La réussite de cette intervention repose sur la coopération étroite entre obstétriciens, radiologues, pédiatres, hématologues et chirurgiens, ainsi que sur le dialogue constant avec la famille. Le professeur Laurent Guibaud, du CRMR AVS, a souligné que « maintenant, tout le challenge c’est d’optimiser cette prise en charge en anténatal pour la proposer à d’autres lésions vasculaires de ce type‑là ». Cette approche concertée permet d’évaluer les bénéfices et les risques à la fois pour le fœtus et pour la mère avant de prendre une décision thérapeutique aussi lourde de conséquences.

Risques et précautions

Comme toute procédure innovante, le recours au sirolimus en anténatal comporte des risques. Le sirolimus est un immunosuppresseur qui peut avoir des effets indésirables chez l’adulte (troubles lipidiques, risque infectieux, toxicité rénale à long terme en fonction des doses), et son exposition in utero pose des questions sur d’éventuelles conséquences sur le développement immunitaire et métabolique de l’enfant. C’est pourquoi chaque cas doit être évalué individuellement, avec des protocoles de surveillance stricts.

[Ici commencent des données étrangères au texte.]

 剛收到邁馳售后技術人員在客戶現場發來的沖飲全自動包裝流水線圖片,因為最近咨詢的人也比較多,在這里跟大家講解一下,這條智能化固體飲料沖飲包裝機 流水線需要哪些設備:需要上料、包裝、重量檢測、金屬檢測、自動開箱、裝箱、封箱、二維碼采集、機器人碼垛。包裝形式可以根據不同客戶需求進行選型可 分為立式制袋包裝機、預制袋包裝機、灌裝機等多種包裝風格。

De plus, le diagnostic précoce et la rapidité d’intervention restent essentiels : si la tumeur provoque une obstruction des voies respiratoires trop importante avant la mise en place d’un traitement, les options deviennent limitées et le pronostic peut rester réservé malgré les efforts médicaux.

Ce que cela change pour l’avenir

La réussite de ce cas ouvre une nouvelle voie thérapeutique pour certaines malformations vasculaires in utero. Elle pousse les équipes médicales à travailler sur des protocoles encadrés, des études observationnelles et des essais cliniques pour mieux définir l’efficacité et la sécurité d’une approche anténatale à base de sirolimus ou d’autres molécules ciblées.

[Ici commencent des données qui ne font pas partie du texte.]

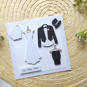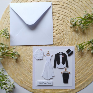 Wykonana ręcznie kartka na Ślub .W komplecie koperta i ochronna folia. Wymiary 13,5 na 13,5 cm. Istnieje możliwość dodania spersonalizowanego napisu.

Pour les familles confrontées à un diagnostic similaire, cette avancée représente un signe d’espoir, mais elle s’accompagne d’un besoin d’information claire et d’un accompagnement psychologique et médical renforcé. Les centres experts insistent sur la nécessité de référer ces cas à des équipes pluridisciplinaires et à des centres de référence, afin de garantir la meilleure prise en charge possible.

Points clés à retenir

  • Un fœtus atteint d’un syndrome de Kasabach‑Merritt a été traité anténatalement par sirolimus, une première pour cette pathologie.
  • Le traitement, administré à la mère, a permis de réduire la taille de la tumeur in utero et d’améliorer le pronostic à la naissance.
  • Le nouveau‑né, nommé Issa, est né le 14 novembre 2025 et bénéficie d’un suivi régulier ; il présente une masse résiduelle mais se développe normalement pour le moment.
  • La démarche est innovante et nécessite des études complémentaires pour confirmer son efficacité et sa sécurité à long terme.

Conclusion

Cette intervention représente une avancée médicale importante et un exemple de collaboration pluridisciplinaire au service des patients. Si elle reste exceptionnelle et doit être encadrée par la recherche, elle montre que des stratégies anténatales ciblées peuvent, dans certains cas, transformer un pronostic auparavant sombre en une issue favorable. Les équipes impliquées poursuivront leur travail pour affiner les modalités de prise en charge et partager leurs retours d’expérience afin d’aider d’autres enfants et familles confrontés à des pathologies vasculaires rares.